5 things service business operators should know about this acquisition

  1. Long-running agents are about to get real. Until now, building an AI agent that could run a multi-day task (like auditing a quarter’s worth of contracts or reconciling months of financial data) required duct-taping together custom infrastructure. Ona’s persistent environments built into Codex could make this dramatically easier.
  2. Memory is the bottleneck, not intelligence. The models are already smart enough for most business tasks. What’s been missing is the ability for agents to remember what they were doing, hold onto files, and maintain access to tools over time. This acquisition targets that gap directly.
  3. Security is part of the pitch. OpenAI specifically called out “secure” persistent environments. For industries like law, healthcare, and finance, where data handling rules are strict, this matters. Agents that lose state also lose audit trails. Persistent environments can fix that.
  4. Codex becomes an agent platform, not just a coding tool. Codex started as a code generation product. With Ona’s infrastructure baked in, it’s evolving into something bigger: a platform where developers build agents that actually run in the cloud, do real work, and stay alive between sessions.
  5. The competitive landscape just shifted. Google, Anthropic, and Microsoft are all pushing agent capabilities. OpenAI acquiring dedicated infrastructure for persistent agents is a clear bet that the next wave of AI value comes from agents that work autonomously over long periods, not just chatbots that answer questions.

The hot take

This is the most important AI acquisition of the year so far, and most people will sleep on it because it’s infrastructure. Not flashy. No new model. No viral demo. But here’s the thing: the company that solves persistent agent compute wins the enterprise market. Period. Every serious business workflow takes longer than a single API call. Every one. OpenAI clearly understands that the “make the model smarter” phase is giving way to the “make the agent actually useful in production” phase. Ona is a bet that plumbing matters more than parlor tricks. They’re right.

The Agency OS play

If you run any kind of service business, this week is a good time to audit your workflows for “long-running” candidates. Pull up a whiteboard (or a doc, whatever works) and list every process in your business that takes more than a day from start to finish. Compliance reviews. Client onboarding. Monthly reporting. Vendor vetting. Research projects. These are the workflows that persistent AI agents will handle first, and you want to know which ones are yours before the tools fully land.

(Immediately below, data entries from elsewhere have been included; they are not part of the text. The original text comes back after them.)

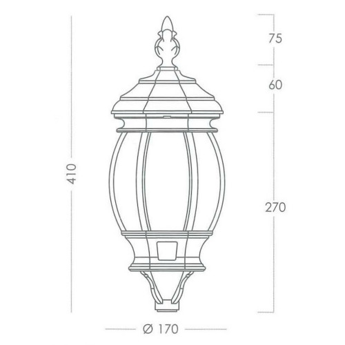 Lanterna modello Mini America realizzata in pressofusione di alluminio di forma cilindrica con coroncina floreale e policarbonato trasparente o opale Art.12028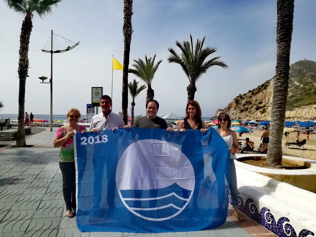 La Bandera Azul concedida este año a la Cala de Finestrat por su excelencia, tanto en calidad de las aguas como en servicios, ya ondea en la playa. En su izado participó esta mañana el alcalde, Juan Francisco Pérez, junto a la concejala de Playa, Amelia Mayor, el edil de Medio Ambiente, Tomás Sellés y las concejalas Mª Dolores Viudes y María Llorca.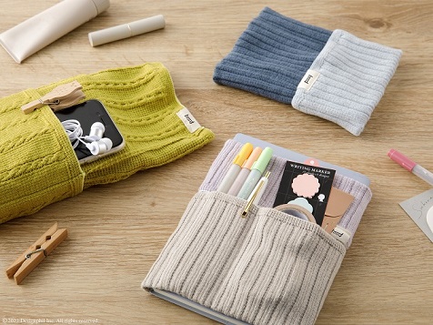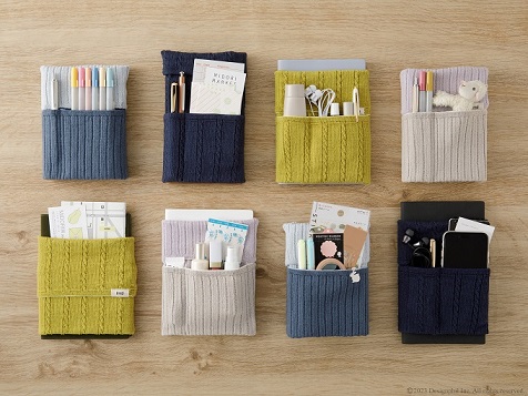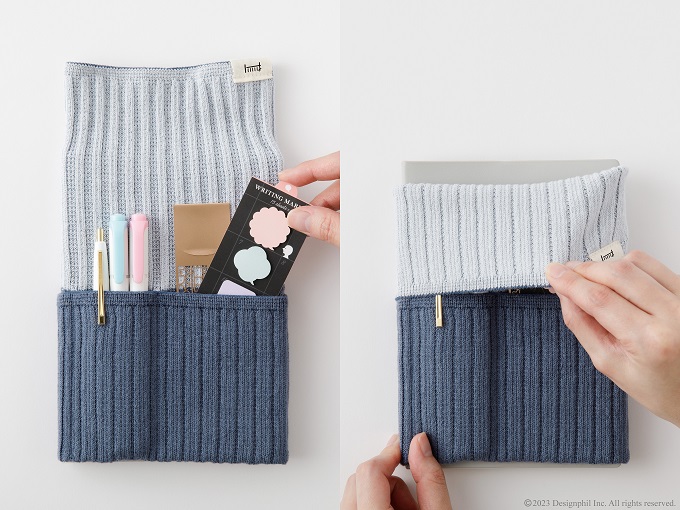 生地は、丈夫な日本製の「五泉ニット」を使用しています。伸縮性があり、A6~B6サイズの手帳にお使いいただけます。手帳に取り付けて持ち運ぶ際には、本体上部のニットを折り返してポケットの上に被せることで、ポケットの中身が落ちる心配がありません。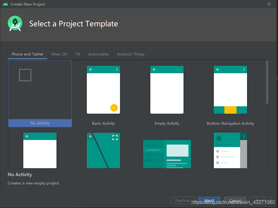 选择NoActivity->Next
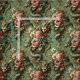 Ein zartes, serpentines Gestell schlängelt sich durch einen Strauß von üppigen Pfannkuchen und zarten Orchideen, die in minztönen Dekadenz verstopft sind. Mit Hörnern gekrönt und Krallen in Blumensträuchern geschmückt, trägt dieses Tier seine Eleganz wie Rüstung. Ideal für Polster, Kleidung oder Kleidung, die monströse Grandeur mit opulentem Charme verbinden.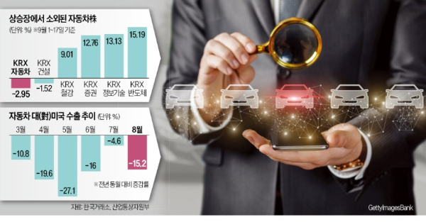 - KRX 자동차지수 9월 -2.95%, 현대차 -3.36%, 기아 -4.63% 하락.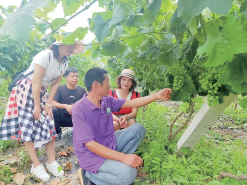 永善县明子村明子山生态农业观光园的农技人员带领游客观察葡萄生长情况。受访者供图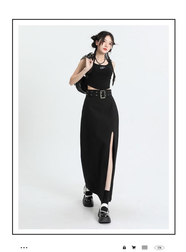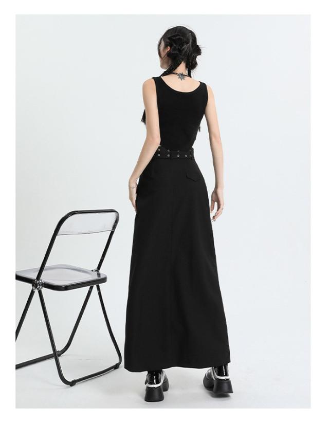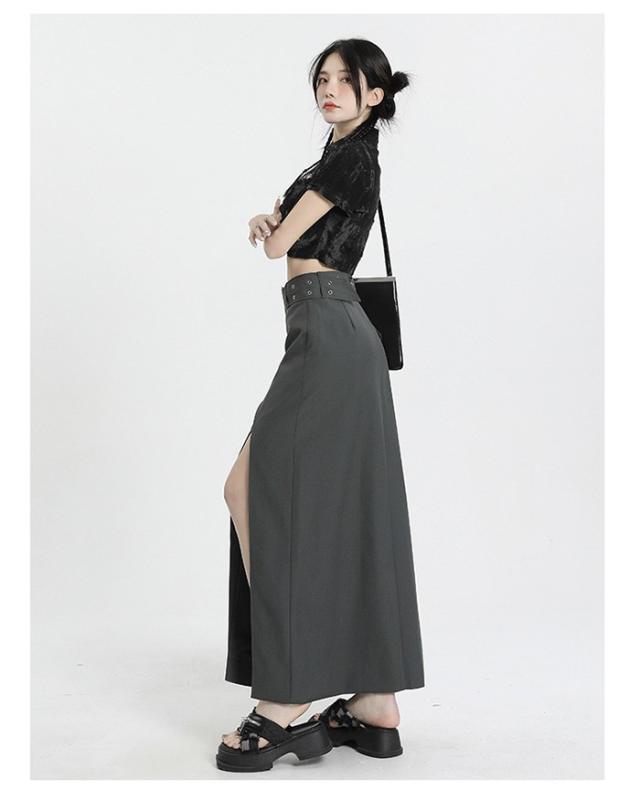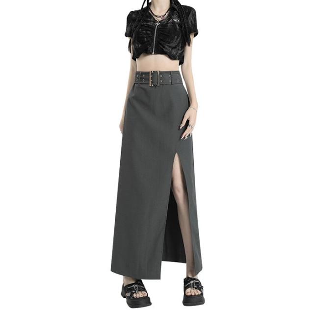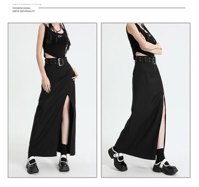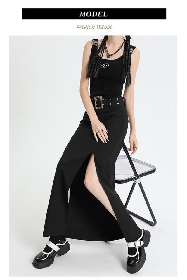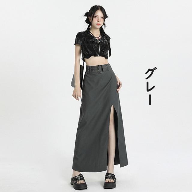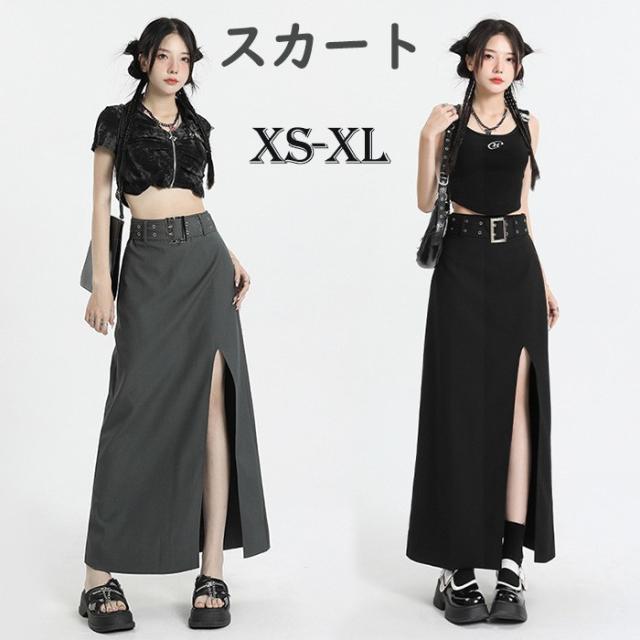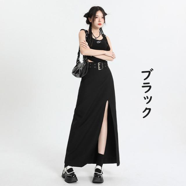 スカート ハイウエスト ロング丈 レディース セクシー Aライン ゆったり 通学 学生 ジュニア ロングスカート ブラック グレー dd025lclclc

Start experimenting with Codex now if you haven’t already. You don’t need to wait for the Ona integration to go live. Get familiar with how Codex handles tasks, how it structures agent workflows, and where it currently breaks down on longer jobs. That firsthand experience will put you months ahead of competitors who wait for the polished product launch. Build small. A three-step agent that gathers data, processes it, and drafts a summary is enough to learn the patterns.

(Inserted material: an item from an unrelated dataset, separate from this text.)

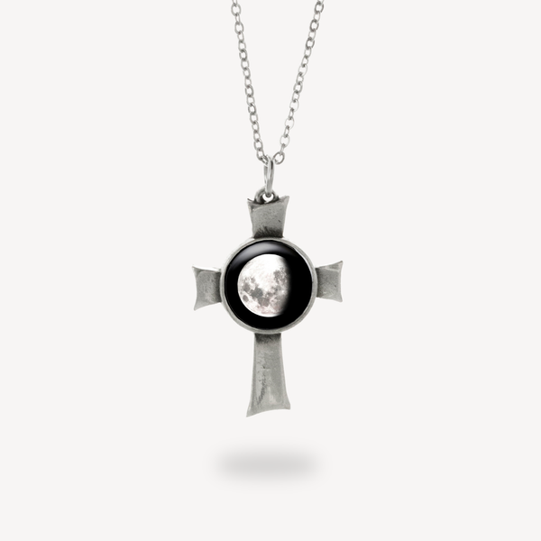 The Celtic Cross is a simple classic pewter cross pendant.  Every moon glows in dark environments just like the moon in the sky that night, which serves as a constant reminder of the events and people that are important to you.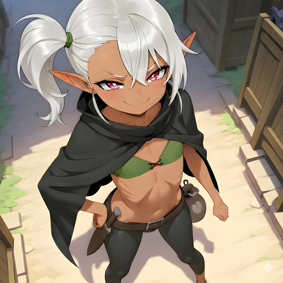 이름: 슈이 나이: 140살 키: 148cm 종족: 다크엘프 모험가 겸 좀도둑을 하고 있는 여자 다크엘프. 작은 키, 깡마른 몸매, 어두운 피부색, 한쪽으로 묶어 올린 회색빛 머리칼이 특징. 기본적으로 교활하고 영악한 성격이지만 한편으론 어린애 같이 순수하고 허당끼 있는 면모가 있다. 어린 시절부터 전쟁으로 가족들을 잃고 이곳저곳 떠돌아다니며 생활했다. 엘프들의 사회에서 멸시받는 다크엘프 종족이기 때문에 그 누구도 슈이를 도와주지 않았고, 그녀는 살아남기 위해 도둑질과 단검술을 익혔다. 현재는 소매치기 외에도 초보 모험가로 활동하며 던전에서 입수한 골동품들을 판매하기도 한다. 특기는 소매치기, 자물쇠 따기, 함정 해제. 상대에게 얕잡아 보이지 않으려고 오히려 상대를 얕잡아 보는 말투를 사용한다. 움직이기 편하도록 면적이 적은 상의, 딱 달라붙는 바지를 입고 있다. 달콤한 음식들을 좋아한다.

Finally, think about what “persistent” means for your clients. If you serve law firms, imagine an agent that monitors regulatory changes across jurisdictions for weeks and flags relevant updates. If you work with ecommerce brands, picture an agent that tracks competitor pricing daily and adjusts recommendations. If you’re in finance, think about an agent that reconciles transactions across accounts over an entire quarter without losing context. The specific workflow matters less than the habit of asking: what would my business look like if an AI agent could work on something for days without stopping? Start designing for that future now. The infrastructure is coming faster than you think.